## [Available records]
Start of Block
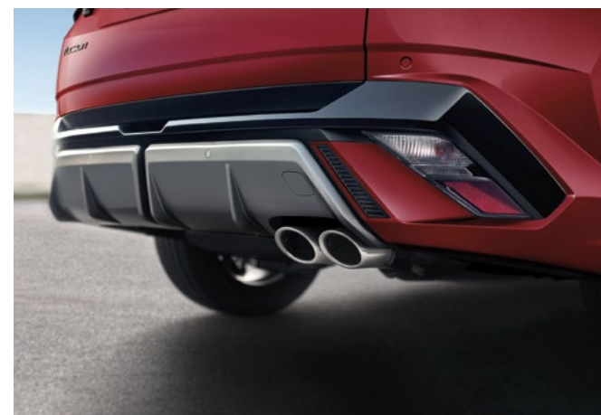
Эксклюзивные 19-дюймовые легкосплавные колесные диски N Line / Накладки в цвет кузова Эксклюзивные двойные патрубки выхлопной системы N Line
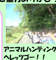
アニマルハンティングハレツゴー!!

継続的な「森づくり活動」を通じて幼児期の子ども達に自然と環境の提供し「生きる力」「環境の心」を育むことを目指す全国運動です。どんぐりを拾う予定でしたが、どんぐりが少ない…。どんぐりは諦めて、山の中で「アニマルハンティング」を楽しみました
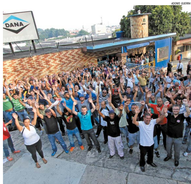
Trabalhadores nas três fábricas aprovam disposição de luta

Os trabalhadores na Affinia, Dana e nos três turnos na Melling, em Diadema, param por duas horas na manhã da última quinta-feira, dia 5, em protesto contra a demissão de duas companheiras na Melling com restrições médicas.
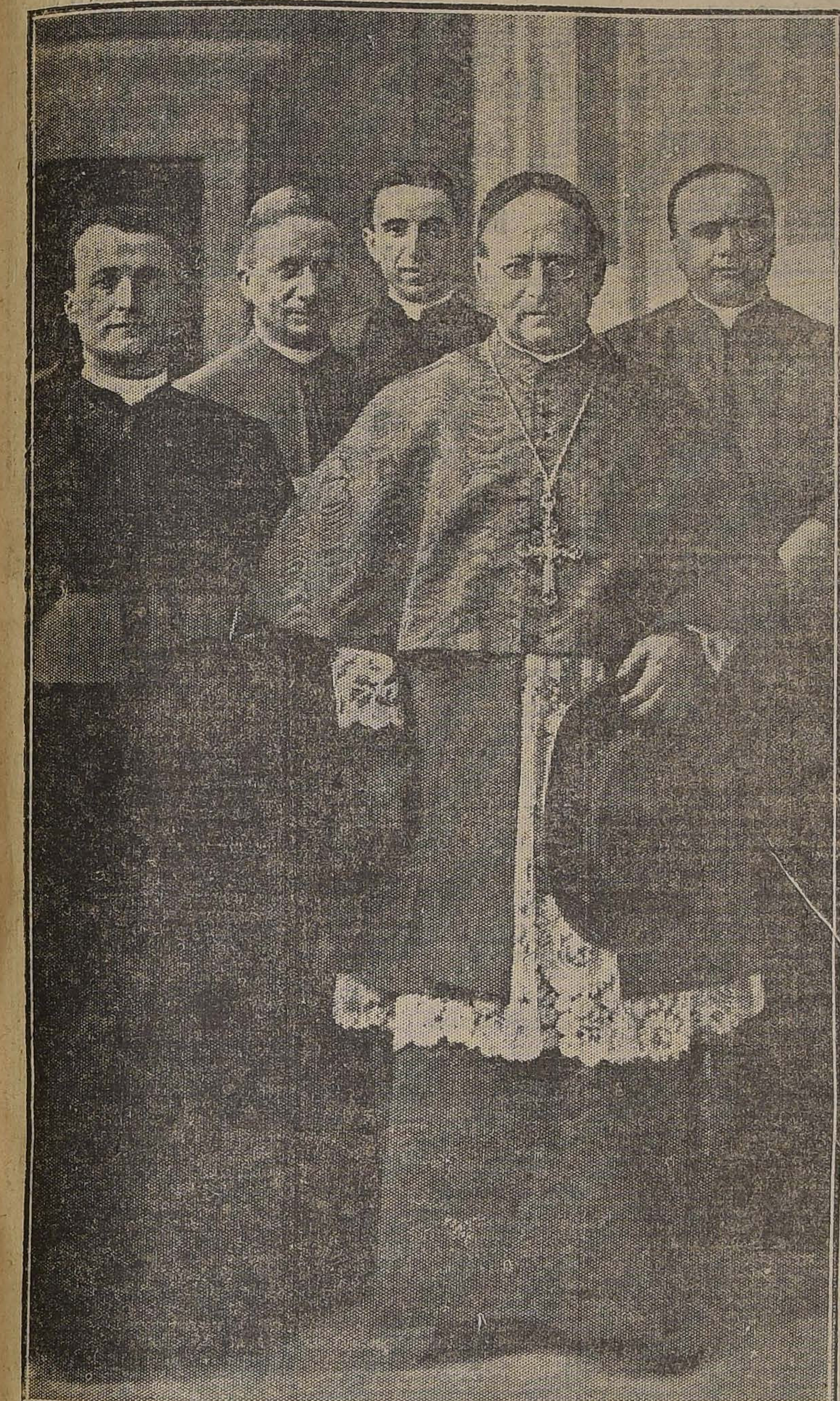
EL CARDENAL RATTI, AL SALIR DEL CONSISTORIO DEL 10 DE JUNIO

ocupar la diócesis de Milán. Vacías de nuestras ilustraciones representan el magno recibimiento que se hizo en la hermosa ciudad lombarda a su ilustre hijo que volvía con el capelo rojo de los cardenales. Grandes muchedumbres se agolparon para aclamarlo, y su llegada tuvo todos los caracteres de una entrada triunfal. El Duomo se iluminó aquella noche con una fantástica luminaria, y el pueblo llenó la vasta plaza de la Catedral hasta muy tarde de la noche.
End of Block
## [What to work on]
Give back the listing word for word, minus its images.

## [Problem solution]
Эксклюзивные 19-дюймовые легкосплавные колесные диски N Line / Накладки в цвет кузова Эксклюзивные двойные патрубки выхлопной системы N Line
アニマルハンティングハレツゴー!!

継続的な「森づくり活動」を通じて幼児期の子ども達に自然と環境の提供し「生きる力」「環境の心」を育むことを目指す全国運動です。どんぐりを拾う予定でしたが、どんぐりが少ない…。どんぐりは諦めて、山の中で「アニマルハンティング」を楽しみました
Trabalhadores nas três fábricas aprovam disposição de luta

Os trabalhadores na Affinia, Dana e nos três turnos na Melling, em Diadema, param por duas horas na manhã da última quinta-feira, dia 5, em protesto contra a demissão de duas companheiras na Melling com restrições médicas.
EL CARDENAL RATTI, AL SALIR DEL CONSISTORIO DEL 10 DE JUNIO

ocupar la diócesis de Milán. Vacías de nuestras ilustraciones representan el magno recibimiento que se hizo en la hermosa ciudad lombarda a su ilustre hijo que volvía con el capelo rojo de los cardenales. Grandes muchedumbres se agolparon para aclamarlo, y su llegada tuvo todos los caracteres de una entrada triunfal. El Duomo se iluminó aquella noche con una fantástica luminaria, y el pueblo llenó la vasta plaza de la Catedral hasta muy tarde de la noche.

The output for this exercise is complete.